Neural Media Bias Detection Using Distant Supervision With BABE -- Bias Annotations By Experts (2209.14557v1)

Published 29 Sep 2022 in cs.CL

Abstract: Media coverage has a substantial effect on the public perception of events. Nevertheless, media outlets are often biased. One way to bias news articles is by altering the word choice. The automatic identification of bias by word choice is challenging, primarily due to the lack of a gold standard data set and high context dependencies. This paper presents BABE, a robust and diverse data set created by trained experts, for media bias research. We also analyze why expert labeling is essential within this domain. Our data set offers better annotation quality and higher inter-annotator agreement than existing work. It consists of 3,700 sentences balanced among topics and outlets, containing media bias labels on the word and sentence level. Based on our data, we also introduce a way to detect bias-inducing sentences in news articles automatically. Our best performing BERT-based model is pre-trained on a larger corpus consisting of distant labels. Fine-tuning and evaluating the model on our proposed supervised data set, we achieve a macro F1-score of 0.804, outperforming existing methods.

Citations (62)

View on Semantic Scholar

Summary

The paper demonstrates that fine-tuning BERT on the expert-labeled BABE dataset combined with distant supervision achieves a macro F1-score of 0.804.
It introduces the BABE dataset with 3,700 expert-annotated sentences and utilizes bias-specific word embeddings to enhance classification accuracy.
The approach outperforms traditional feature-based methods, offering a robust framework for analyzing media bias in politically polarized content.

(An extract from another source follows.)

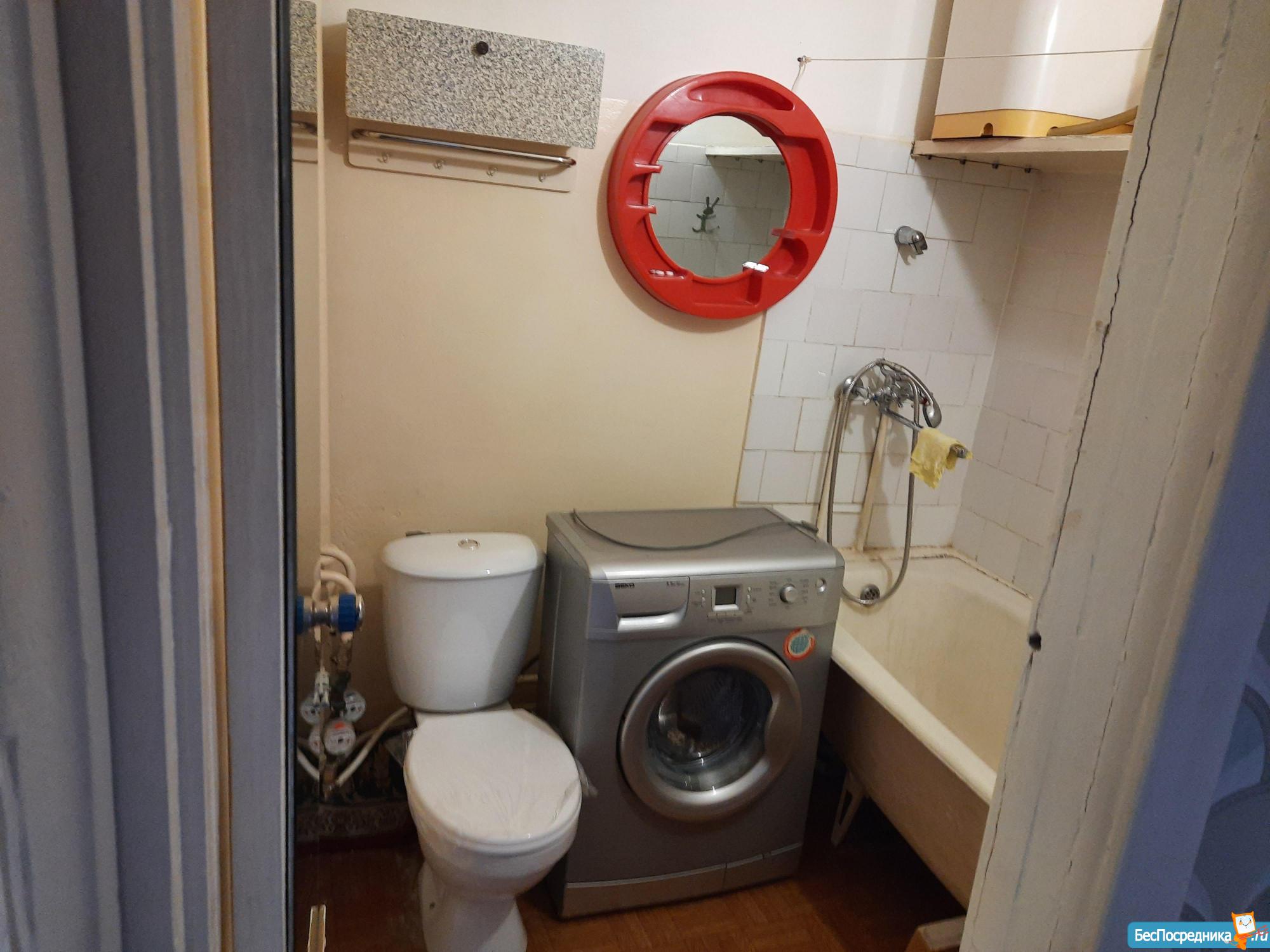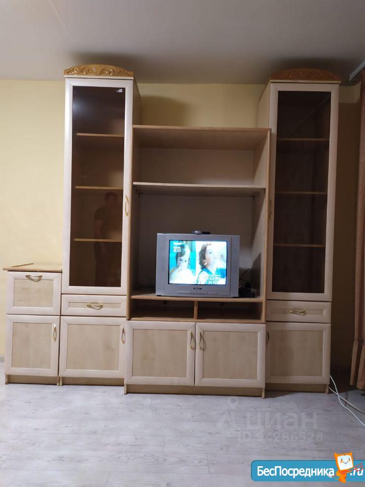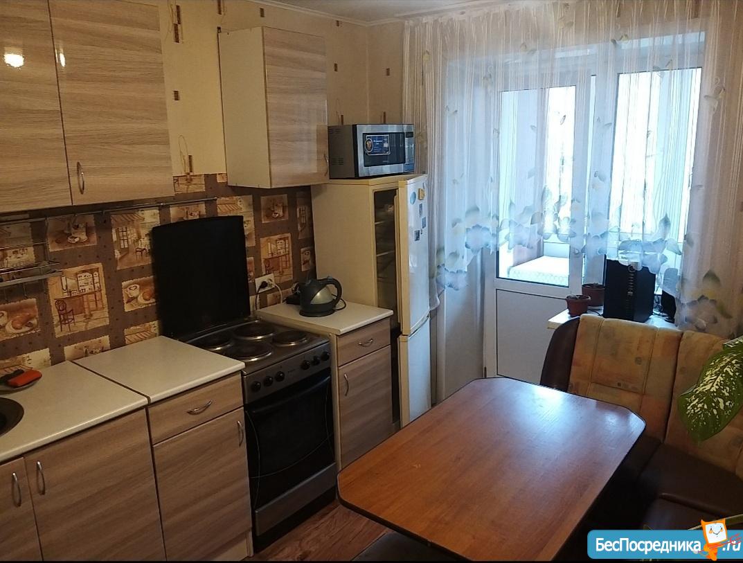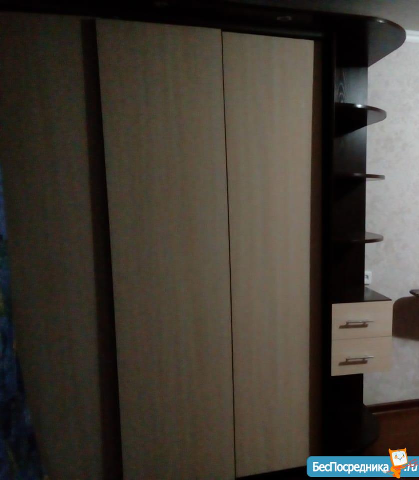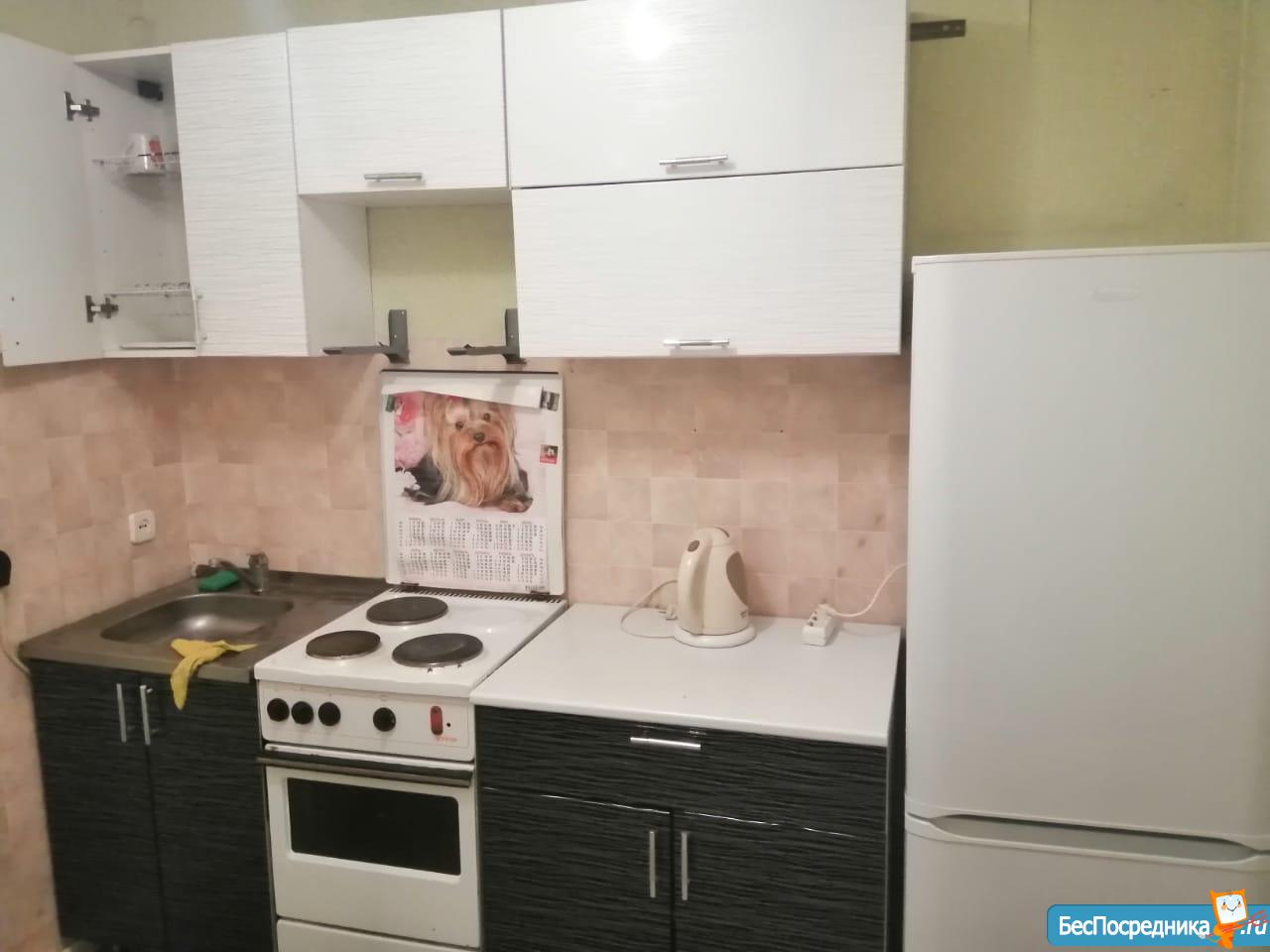 В квартире есть все необходимое: диван раскладной, кресло, тумбочка, шкаф купе с зеркалами, кондиционер, кухонный гарнитур, плита, холодильник, водонагреватель, стиральная машинка, есть немного посуды.

Neural Media Bias Detection Using Distant Supervision

The paper explores the challenge of detecting media bias in online news articles by introducing a new dataset called BABE (Bias Annotations By Experts) as a robust benchmark, and evaluating neural network classifiers, particularly leveraging the BERT model architecture. The significant improvement in bias detection performance is achieved through a combination of expert-labeled data and a pre-training technique utilizing distant supervision via bias-specific word embeddings.

Motivation and Background

Media bias, particularly through word choice, significantly influences public perceptions and can shape societal discourse. Detecting such bias automatically is complex due to the subjective nature of language and the absence of high-quality labeled datasets. Previous attempts often relied on crowd-sourced annotations, resulting in varying quality due to the annotators' lack of domain expertise. The paper presents BABE as an updated resource with annotations by trained experts, improving annotation quality and inter-annotator agreement.

BABE Dataset and Methodology

The BABE dataset comprises 3,700 annotated sentences, collected and labeled by experts to capture biases at both word and sentence levels. Annotations were focused on controversial topics from diverse U.S. media outlets, during a period marked by increased political polarization. The data collection and annotation process emphasized training annotators to distinguish bias expertly and reliably.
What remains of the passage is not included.